Dies ist ein Beispiel konvergenter Evolution, bei der die Gnetophyten unabhängig voneinander eine hartholzartige Struktur entwickelt haben, die normalerweise nur bei Angiospermen vorkommt.
Die Umfrage wurde durchgeführt, während das Vereinigte Königreich im Jahr 2022 unter dem viertheißesten Sommer aller Zeiten litt.
„Wir glauben, dass dies die größte Untersuchung von Gehölzen sein könnte, die jemals mit einem Kryo-Elektronenmikroskop durchgeführt wurde“, sagte Wightman.
„Eine so umfangreiche Untersuchung von frischem, hydratisiertem Holz war nur möglich, weil sich das Sainsbury Lab auf dem Gelände des Botanischen Gartens der Universität Cambridge befindet. Wir sammelten alle Proben im Sommer 2022 – wir sammelten sie am frühen Morgen, froren die Proben in ultrakaltem Stickstoff ein und bildeten sie dann bis Mitternacht ab.

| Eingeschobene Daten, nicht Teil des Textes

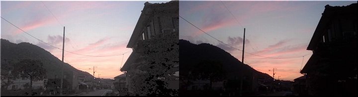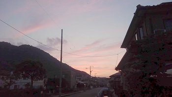 そぅしましたら、我が家西方の沼南アルプス越えに扇状に広がります夕焼け雲が…

„Diese Forschung veranschaulicht den anhaltenden Wert und Einfluss, den botanische Gärten auf die moderne Forschung haben. Diese Studie wäre nicht möglich, ohne eine so vielfältige Auswahl an Pflanzen aus der gesamten Evolutionszeit, die alle zusammen am selben Ort in den Sammlungen des Botanischen Gartens der Universität Cambridge wachsen.“
Mehr Informationen:
Jan J Lyczakowski und Raymond Wightman, Konvergente und adaptive Evolution führte zu Veränderungen der sekundären Zellwand-Ultrastruktur in heutigen Linien von Samenpflanzen, Neuer Phytologe (2024). DOI: 10.1111/nph.19983
Alle Kryo-SEM-Bilder der Holzuntersuchung sind öffentlich verfügbar in diesem Mendeley-Repository.